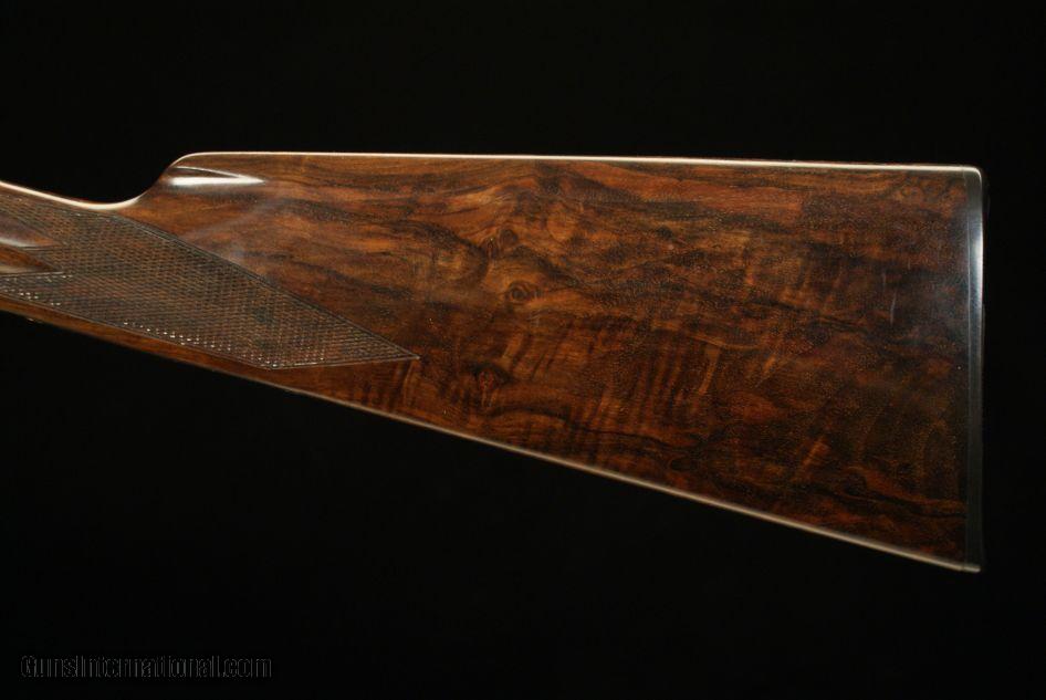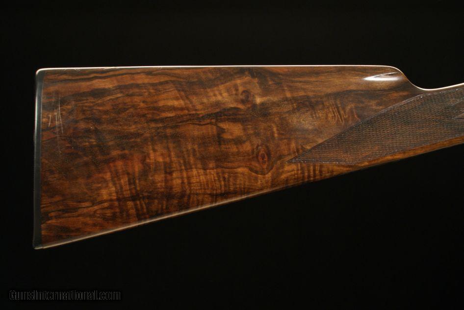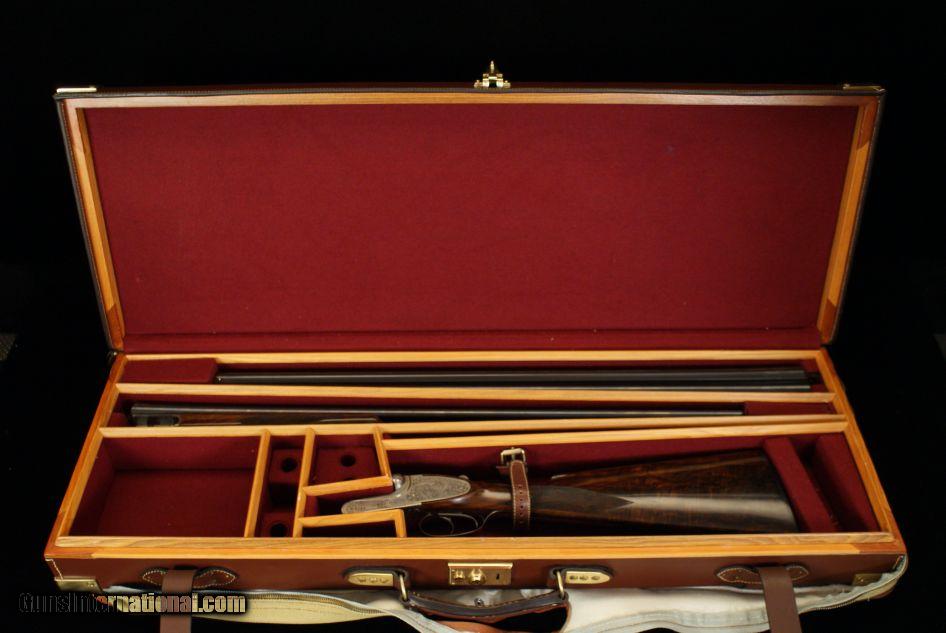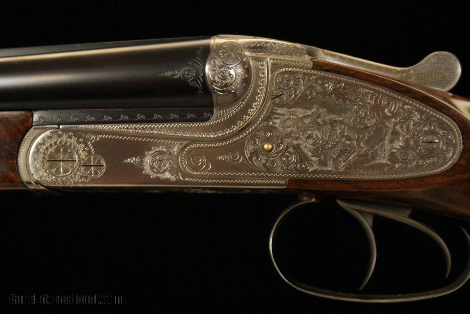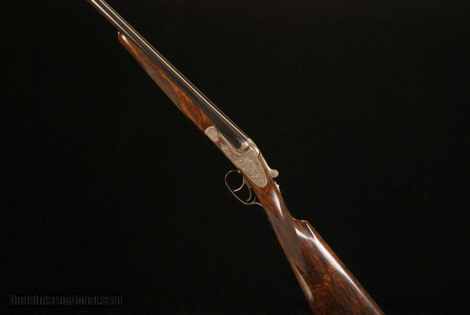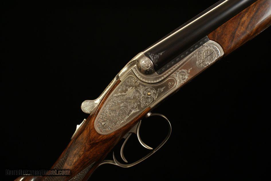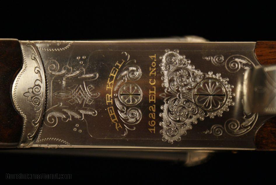 Description: Merkel 1622 EL Combo Boxlock Ejector, 16 and 20 bores, 2 3/4" and 3" chambers respectively, double triggers, straight grip, splinter forend, 28" barrels both sets, 16 bore choked .005 IC and .015 Mod., 20 bore choked .005 IC and .015 Mod., 16 bore weighs 6 lbs. 2 oz. and 20 bore weighs 6 lbs. 3 oz., 14 1/4" LOP over a butt plate, 1 1/2" DAC, 2 1/2" DAH, 1/8" cast off, the 1622 is a limited edition version of the 1620 and features a full sideplate, made in only 2006 and 2007 and this gun is "No. 1" as stated in gold on bottom of action, the EL features upgraded Luxus level wood and engraving, game scene engraved with pheasants on the right side and dog and grouse on the right side, engraving signed "Richter". The gun is in excellent condition but with some minor handling marks in wood. Comes with original box and a Galazan oak and leather case. SOLD |
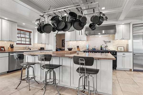 - Dishwasher, Double Oven, Exhaust Fan, Free Standing Range, Gas Cooktop, Oil Water Heater, Oven, Range Hood, Refrigerator, Washer
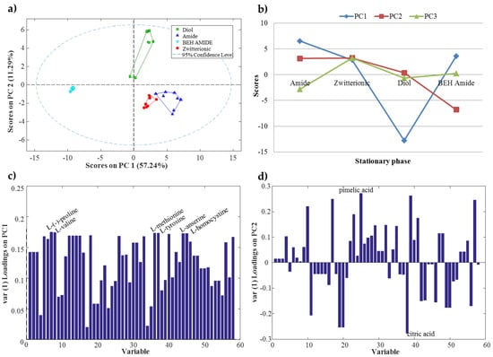ASCA loadings were useful to know which variables (metabolite retention factors) were the most important to distinguish the stationary phases. Figure 2c,d show the ASCA loadings plot for PC1 and PC2, respectively. For instance, six amino acids (l-(−)-proline, l-valine, l-methionine, l-tyrosine, l-homocysteine and l-anserine) showed a higher loadings value in PC1 (Figure 2c). Consequently, these amino acids were useful to distinguish mixed-mode diol stationary phase from the other three (amide, BEH amide and zwitterionic). In the case of PC2 (Figure 2d), pimelic and citric organic acids showed the highest loadings values. Therefore, these two organic acids appeared as important to differentiate BEH amide from the rest of the stationary phases.
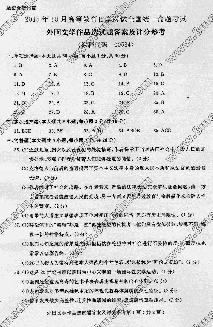 2015年10月贵州省自学考试外国文学作品试题及答案
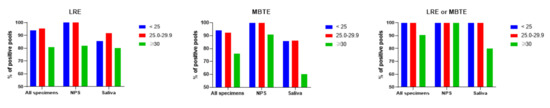 | Saliva (n = 60) b | 53 (88.3) b | 49 (81.7) c | 0.424 |
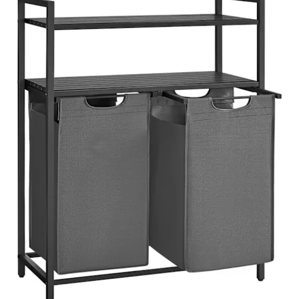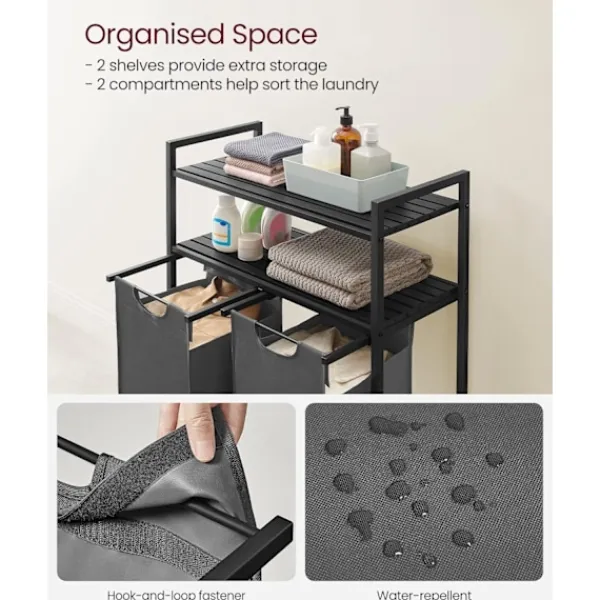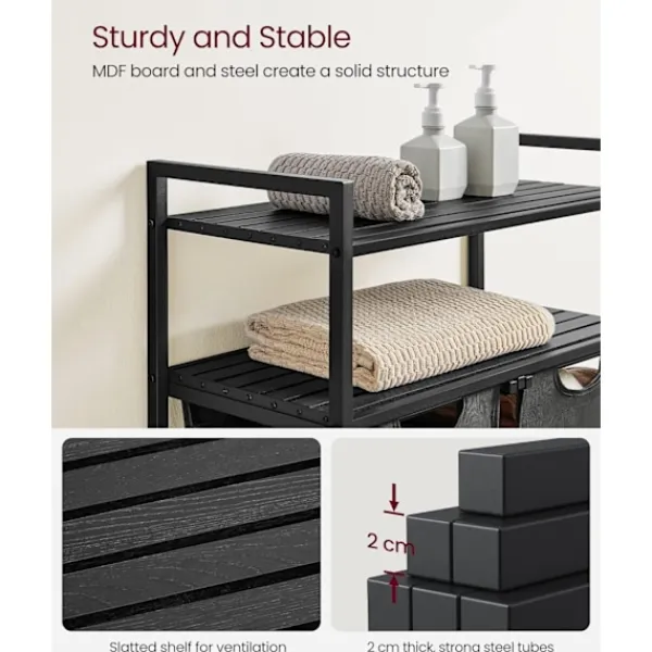 Mångsidig användning: Perfekt för att hantera allt från smutsiga kläder till förvaring av vikta kläder och andra hushållsartiklar. Dess två hyllor ger extra utrymme för att hålla dina nödvändiga redskap nära till hands.

= = = =

*YOUR TASK*. Repeat nothing but the lines from the one containing "c | 0.424 |" through the end of the entries, exactly, and skip the pictures.

*OUTPUT*.
 | Saliva (n = 60) b | 53 (88.3) b | 49 (81.7) c | 0.424 |
 Mångsidig användning: Perfekt för att hantera allt från smutsiga kläder till förvaring av vikta kläder och andra hushållsartiklar. Dess två hyllor ger extra utrymme för att hålla dina nödvändiga redskap nära till hands.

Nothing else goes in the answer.